The rapid spread of the COVID-19 pandemic across the globe has dealt a heavy blow to Europe. Italy, Spain, France and the United Kingdom have been particularly hard hit. So far, Europe accounts for half the world's confirmed cases and deaths.
Europe was hit hard primarily because it seriously underestimated the danger at the beginning and subsequently failed to take stringent prevention and control measures in a timely manner. At the same time, as in previous crises in Europe, the pandemic has exposed some structural flaws in the European Union’s governance model.
Unlike the rest of the world, EU members have surrendered part of their national sovereignty to the supranational body to make decisions on their behalf.
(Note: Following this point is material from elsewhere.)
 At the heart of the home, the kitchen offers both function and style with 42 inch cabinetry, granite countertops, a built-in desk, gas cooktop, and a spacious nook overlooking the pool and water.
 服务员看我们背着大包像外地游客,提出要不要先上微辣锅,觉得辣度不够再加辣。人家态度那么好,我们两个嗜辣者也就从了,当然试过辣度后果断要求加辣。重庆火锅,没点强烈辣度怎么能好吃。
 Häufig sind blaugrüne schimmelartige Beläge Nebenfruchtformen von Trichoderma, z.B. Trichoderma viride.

Still much remains in the hands of member states, including matters of health, such as responding to epidemics. For any EU member state, it is always a challenge, given converging interests over the decades, to operate with a go-it-alone national approach. That is actually impossible, given the clearly defined division of responsibility.
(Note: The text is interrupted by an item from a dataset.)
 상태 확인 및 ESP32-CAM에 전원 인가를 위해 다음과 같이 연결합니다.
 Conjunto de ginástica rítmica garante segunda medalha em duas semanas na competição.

Within the EU, where a community with a shared future already exists, a lack of unity would leave members unprotected. For example, most EU member states are part of the Schengen Area, with borders open to one another. Even in a pandemic, it is up to the supranational body to decide whether to close those borders. But many countries acted on their own, and instead of helping to prevent or control the outbreak, this impeded the effective distribution of medical supplies. Moreover, it is up to the EU, not individual member states, to close the borders of the Schengen Area. In short, the high level of integration in the EU requires a high level of collaboration and solidarity among states in times of crisis.
Yet, as the pandemic has revealed, there is an insufficient level of unity in Europe. This lack of cohesion has badly damaged the EU’s image. In a poll conducted on March 27 in Italy, the country most affected by the pandemic, 88 percent of the respondents said the EU had not done a good job to help Italy in the epidemic, while 67 percent thought EU membership was not good for Italy.
The key is that despite its deep integration the EU is still far from being able to act as a sovereign power. After Brexit, the EU has 27 members, all with different interests. Those varied interests have led to self-protective moves related to the pandemic that appear to be intuitive. In turn, this creates great difficulty in adopting common measures to counter the crisis. With different interests and a common need for cooperation and unity, EU countries can only subject themselves to difficult and patient negotiations to achieve compromise through mutual concessions.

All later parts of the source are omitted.